С самого начала он знал, что упорство, с каким он противостоял этим силам, напрасно, как упорство Марии. Прежде достаточно было оборвать разговор на полуслове. Прежде он был благодарен тем, кто незаметно подливал вино в бокалы или опустошал полные пепельницы, теперь они докучали ему. Верные, внимательные слуги превратились в надоедливых и бесцеремонных соглядатаев, которые во все вмешивались. Их приходилось смиренно просить заняться своим делом или отсылать на другую половину дома, только бы они не мешали. Наконец остались самые старые, самые преданные: Мария, Амбросио, Исраэль, и, если бы они ушли, образовалась бы пустота, столь же заметная, как белое пятно, где раньше висел портрет деда, писанный маслом, сохранившее первоначальную чистоту стены. На нем, если поглядеть подольше, проступали суровые черты старика, именно отсюда взиравшего ясными, голубыми глазами на потомков, которые росли, достигали расцвета, переживали блестящие удачи или минуты горечи, отчаяния, невосполнимые утраты и бурные столкновения. О, эти незабываемые глаза!

Но дело не только в слугах. Это в воздухе, в воде, в земле. И это не только перемены в мире реальностей — кому теперь нужен яхт-клуб? — не только общая деградация и невероятные названия вещей, не только исчезновение привратников и слуг, новые лица и привычки, не только отсутствие благовоспитанности. Это в воздухе. Это больше чем пропаганда радио; чем плакаты, уже не рекламирующие, как раньше, а издающие воинственные кличи; чем песни, которые сочиняются теперь отнюдь не для увеселения. Это во взглядах, улыбках, намеках, это в глазах Альфонсо, когда тот подходит к столику в баре со счетом в дрожащей руке и смотрит почти с оскорбительным сочувствием, ибо оно не слишком отличается от сострадания. Это в долгом молчании телефона и дверных звонков. От этого создается ощущение, будто чьи-то широко открытые глаза неотступно следят за тобой…

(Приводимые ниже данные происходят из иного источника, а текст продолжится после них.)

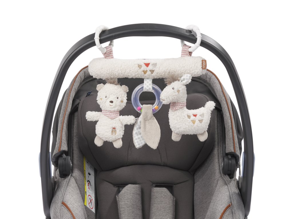 Hrazda na aktivity je ideálnym spoločníkom na vašich prechádzkach. Jednoducho ho pripevnite na rukoväť kočíka a sledujte, ako sa s ním vaše dieťa zabáva. S roztomilými zvieratkami a hrkálkou s farebnými guľôčkami.
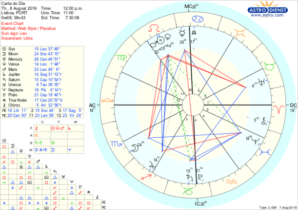 Como pano de fundo temos duas forças contraditórias nos Céus de hoje: por um lado os planetas em Leão e o seu trígono a Júpiter em Sagitário acendem todas as chamas do individualismo, exercício da vontade, orgulho e paixão, mas também da criatividade, generosidade e ilustração da Verdade . Por outro, o quincúncio dos planetas em Leão a Saturno em Capricórnio e a Neptuno em Peixes revela claramente que não pode haver descuido das regras e da ordem nem podemos ir atrás de fantasias. E, enquanto insistirmos em seguir apenas desejo e emoções e nos deixarmos controlar por elas, com a Lua em Escorpião em trígono a Mercúrio em Caranguejo, entramos em conflitos, tanto internos como externos. Pelo final do dia a Lua entra em Sagitário e faz semi-quadratura a Saturno e de seguida a Plutão e sentimos na pele que nem durante o dia correu bem ir atrás das emoções como pela noite não dá bom resultado ir atrás de grandes ideias nem ter excessos de optimismo. Há que gerir o dia com intenção criativa, positiva mas sempre atentos aos impactos.
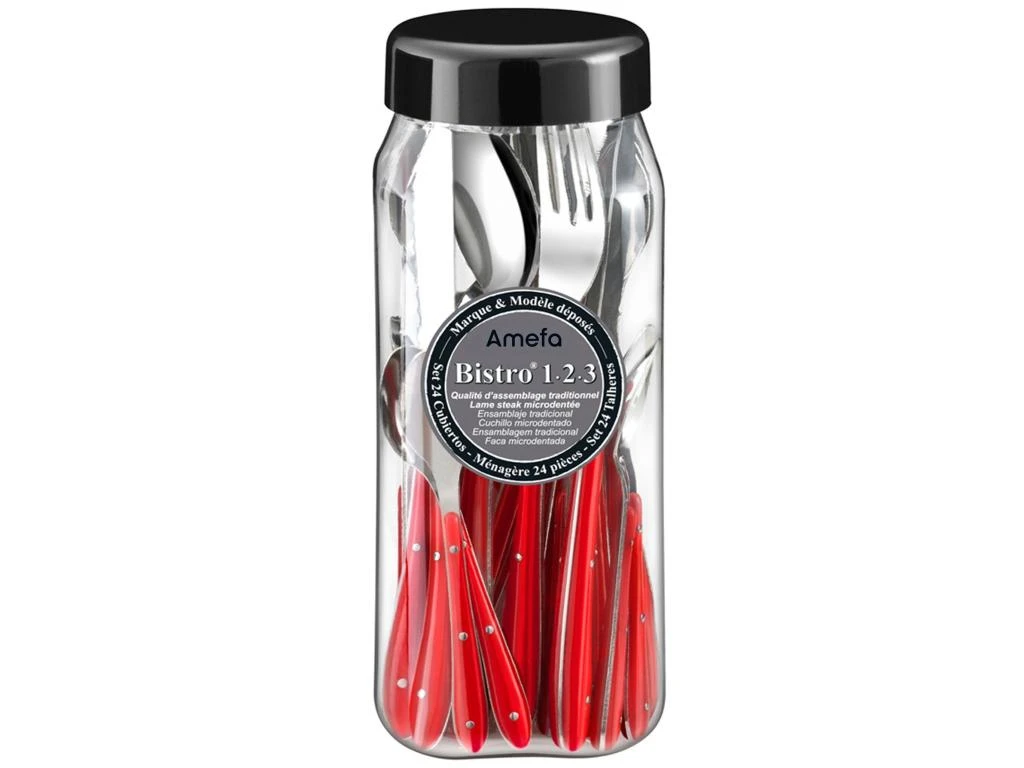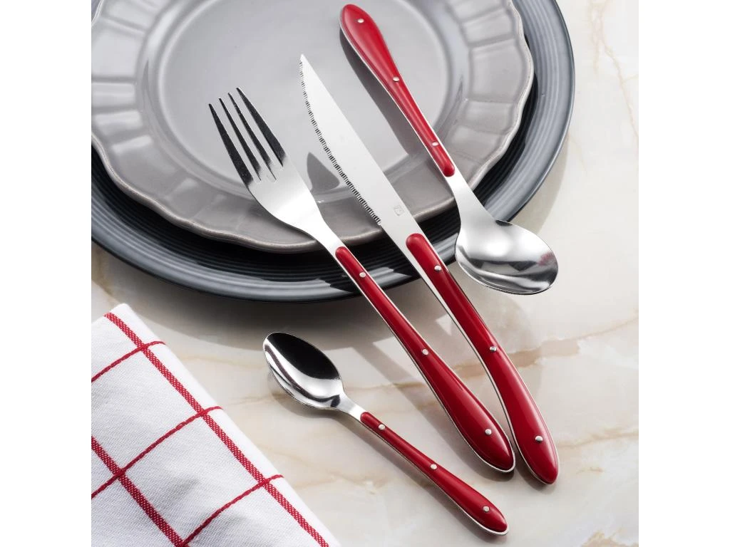 La gamme Bistro 1-2-3 est un intemporel de la table au quotidien. Des manches colorés que soulignent 3 rivets en inox
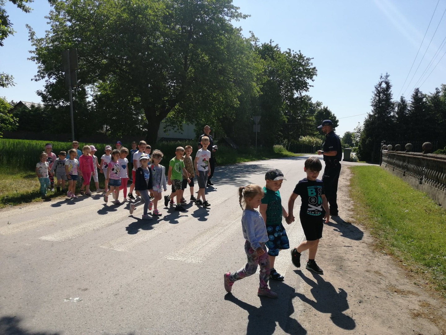 Policjanci przypomnieli przedszkolakom podstawowe zasady bezpiecznego przechodzenia przez jezdnię. W tym celu wszyscy udali się na przejście dla pieszych, które znajduje się w pobliżu budynku szkoły.

Вот почему он закрыл двери и окна на засовы, задвижки, щеколды. Хотел отгородиться от мира. Радиоприемник больше не включался. Газеты не покупались. Разговоры с друзьями становились все короче, и почти только о том — как было условлено, — что «надо жить в согласии и без волнений».

Еще приходили письма из-за границы — правда, довольно редко, потому что кубинцы не склонны к эпистолярному жанру, особенно в трудные минуты. Оставалось чтение классиков и верный пес Пиноккио. Чего еще можно было желать, кроме драгоценного присутствия Исабели, почти нереального, почти милосердного, но непоколебимого, стойкого, безучастного к миру, сломленному, пошатнувшемуся, трещащему по швам? «Ни одной минуты Робинзон Крузо не обладал таким богатством», — подумал он и с этой мыслью навсегда закрыл большое окно и задернул штору.

Во всяком случае, она пыталась сделать все, что могла. И если у нее не выдержали нервы и сдала воля, то разве можно упрекнуть ее за это? Ведь она была полна решимости остаться с ним, выстоять до конца. Просто это оказалось ей не под силу.

— Твоей воле можно позавидовать, Хорхе Луис…

Кто упрекнет ее в том, что у нее не хватило мужества для борьбы, что она, словно утопающий, у которого из рук выскальзывает доска, уже не могла больше противиться шквалу, все переворачивающему и сметающему на своем пути? А бушующие волны все швыряли ее, не давая передохнуть, лишая твердости духа, воли к жизни, надежды на спасение.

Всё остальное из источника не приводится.